*** Provided material Section Begins ***
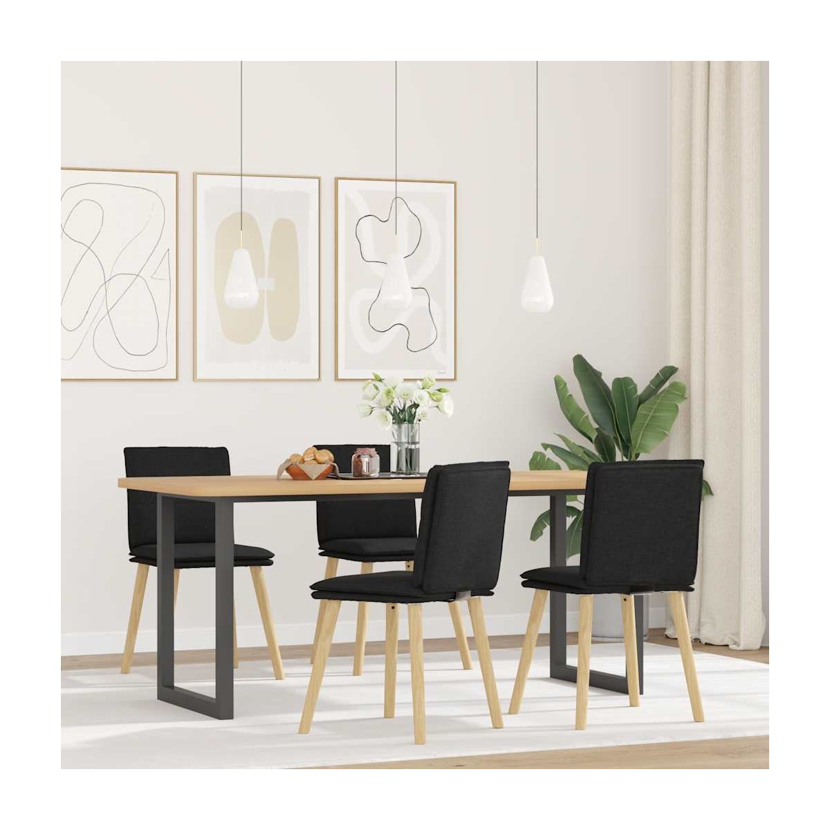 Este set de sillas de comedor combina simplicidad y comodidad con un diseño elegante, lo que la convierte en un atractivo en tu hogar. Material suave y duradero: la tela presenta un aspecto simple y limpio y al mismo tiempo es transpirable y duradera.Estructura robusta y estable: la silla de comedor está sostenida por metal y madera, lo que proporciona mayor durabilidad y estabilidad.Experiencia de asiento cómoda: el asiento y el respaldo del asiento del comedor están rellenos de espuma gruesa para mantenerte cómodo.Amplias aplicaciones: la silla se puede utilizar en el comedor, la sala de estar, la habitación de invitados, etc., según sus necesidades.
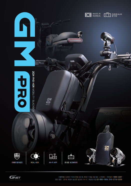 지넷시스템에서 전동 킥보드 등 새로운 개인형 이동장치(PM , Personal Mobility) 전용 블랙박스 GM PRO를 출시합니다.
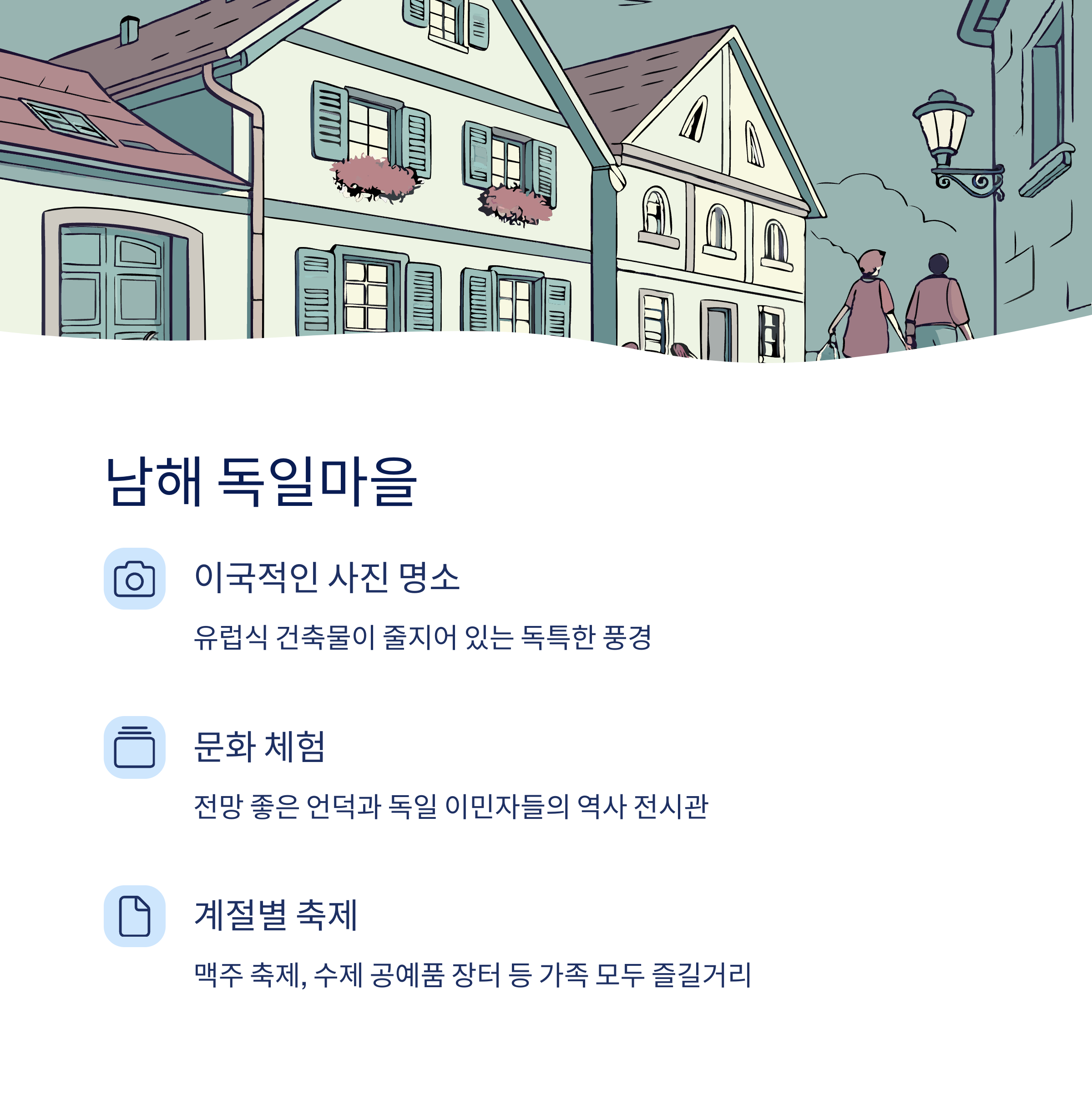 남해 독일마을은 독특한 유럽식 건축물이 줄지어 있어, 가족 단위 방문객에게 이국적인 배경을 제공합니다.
*** Provided material Section Ends ***
*** Provided material Section Begins ***
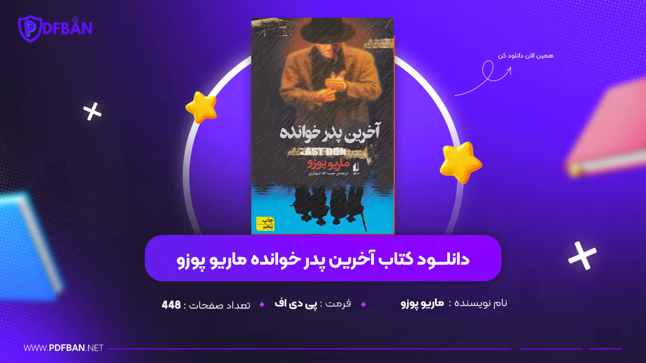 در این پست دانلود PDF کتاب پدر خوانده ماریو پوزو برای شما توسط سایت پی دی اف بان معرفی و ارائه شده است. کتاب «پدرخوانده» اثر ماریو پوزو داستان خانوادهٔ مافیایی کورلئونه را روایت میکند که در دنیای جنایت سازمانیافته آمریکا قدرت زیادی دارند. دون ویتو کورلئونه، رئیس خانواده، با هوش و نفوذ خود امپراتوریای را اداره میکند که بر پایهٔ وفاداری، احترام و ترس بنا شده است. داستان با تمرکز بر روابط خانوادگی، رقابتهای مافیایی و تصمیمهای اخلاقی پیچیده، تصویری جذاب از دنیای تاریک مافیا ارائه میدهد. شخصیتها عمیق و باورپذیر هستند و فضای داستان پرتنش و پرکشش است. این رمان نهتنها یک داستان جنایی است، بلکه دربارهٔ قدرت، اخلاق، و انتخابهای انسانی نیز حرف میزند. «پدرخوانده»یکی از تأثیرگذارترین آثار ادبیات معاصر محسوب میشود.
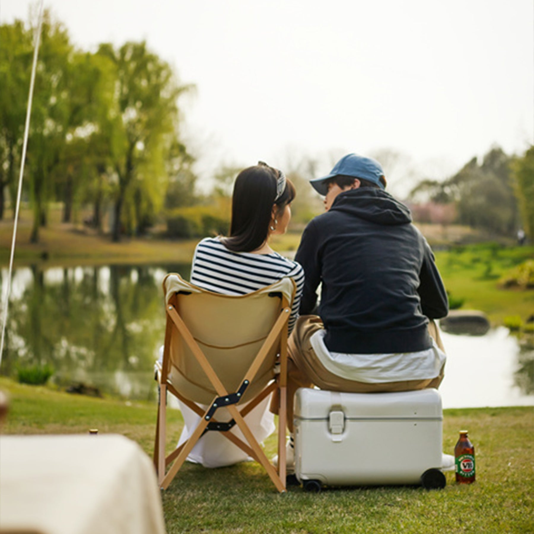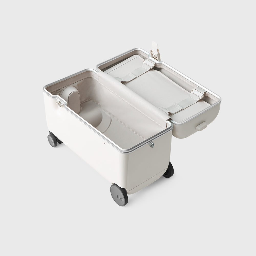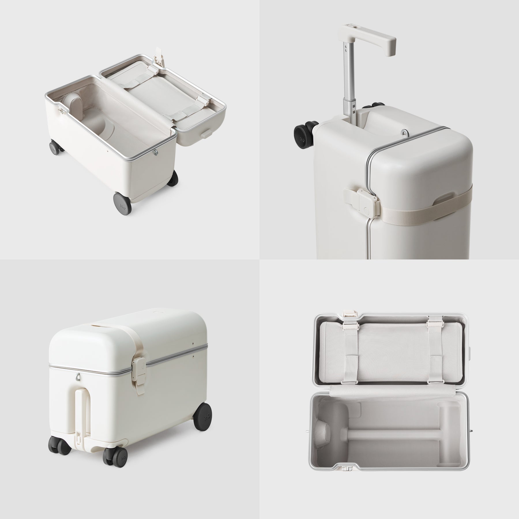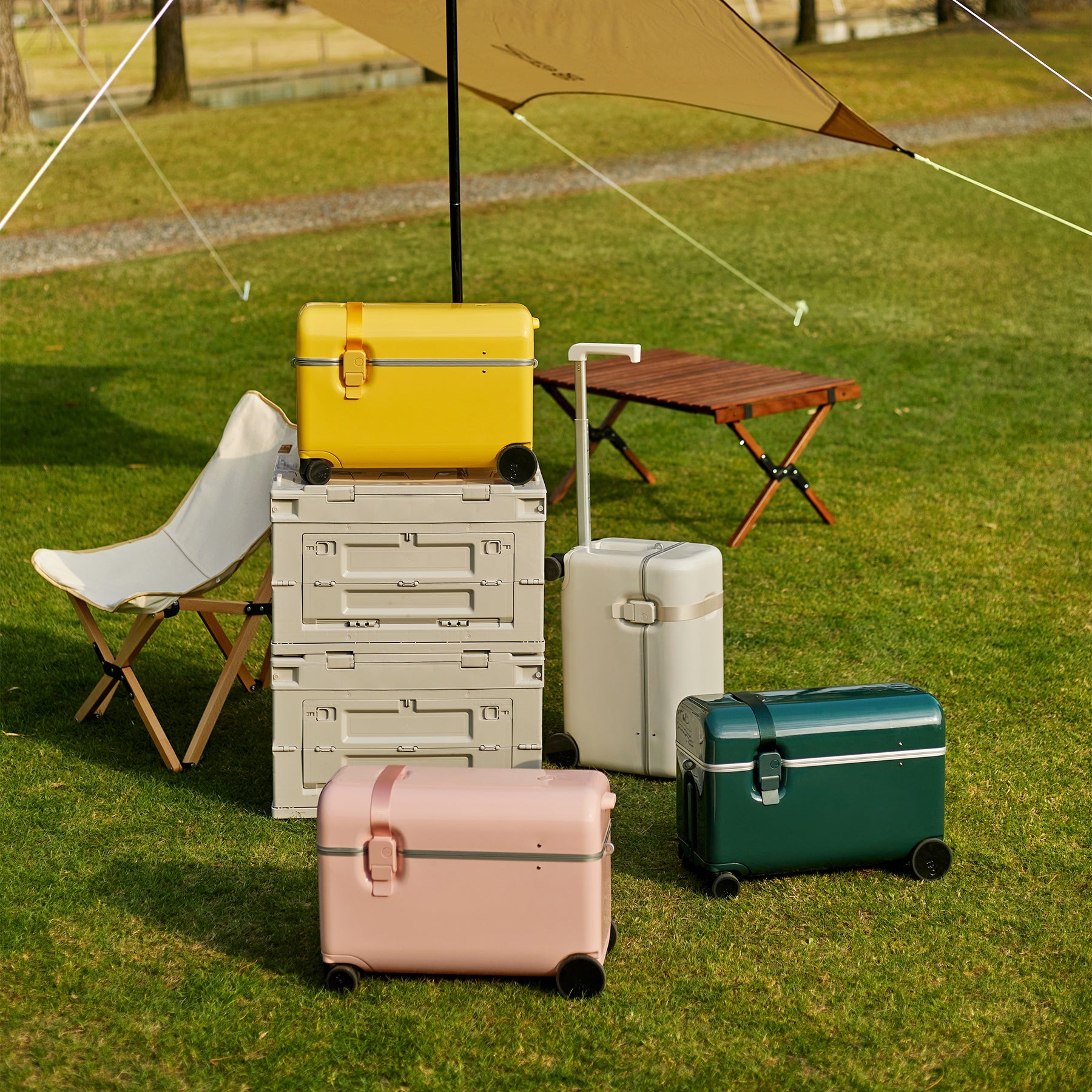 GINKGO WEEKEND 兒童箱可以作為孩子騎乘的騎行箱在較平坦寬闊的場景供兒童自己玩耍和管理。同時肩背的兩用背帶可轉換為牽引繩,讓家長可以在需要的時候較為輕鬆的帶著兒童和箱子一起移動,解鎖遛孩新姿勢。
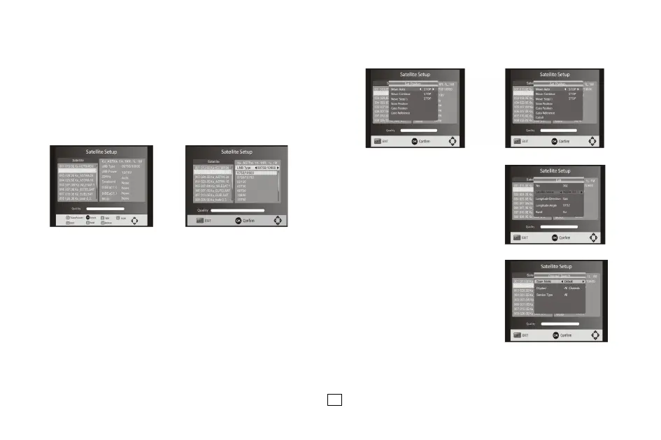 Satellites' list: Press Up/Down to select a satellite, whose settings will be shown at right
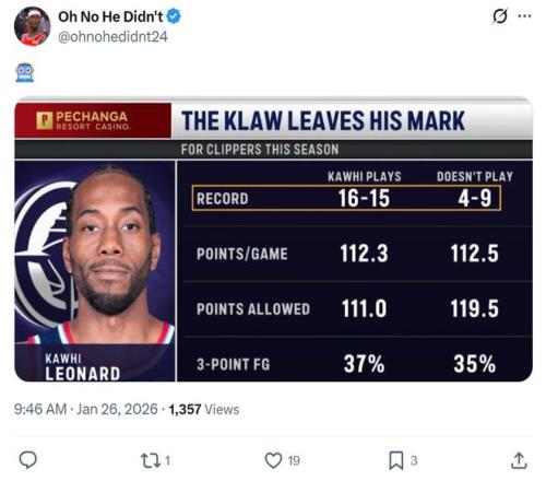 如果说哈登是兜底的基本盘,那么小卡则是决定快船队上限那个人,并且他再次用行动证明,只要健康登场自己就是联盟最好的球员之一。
*** Provided material Section Ends ***
» **Exercise goal**: Print the part of the listing above that opens with the line containing "지넷시스템에서 전동 킥보드" and closes with the line containing "남해 독일마을은 독특한". Copy it exactly, both ends included, and omit the pictures.

» **Result of this exercise**:
 지넷시스템에서 전동 킥보드 등 새로운 개인형 이동장치(PM , Personal Mobility) 전용 블랙박스 GM PRO를 출시합니다.
 남해 독일마을은 독특한 유럽식 건축물이 줄지어 있어, 가족 단위 방문객에게 이국적인 배경을 제공합니다.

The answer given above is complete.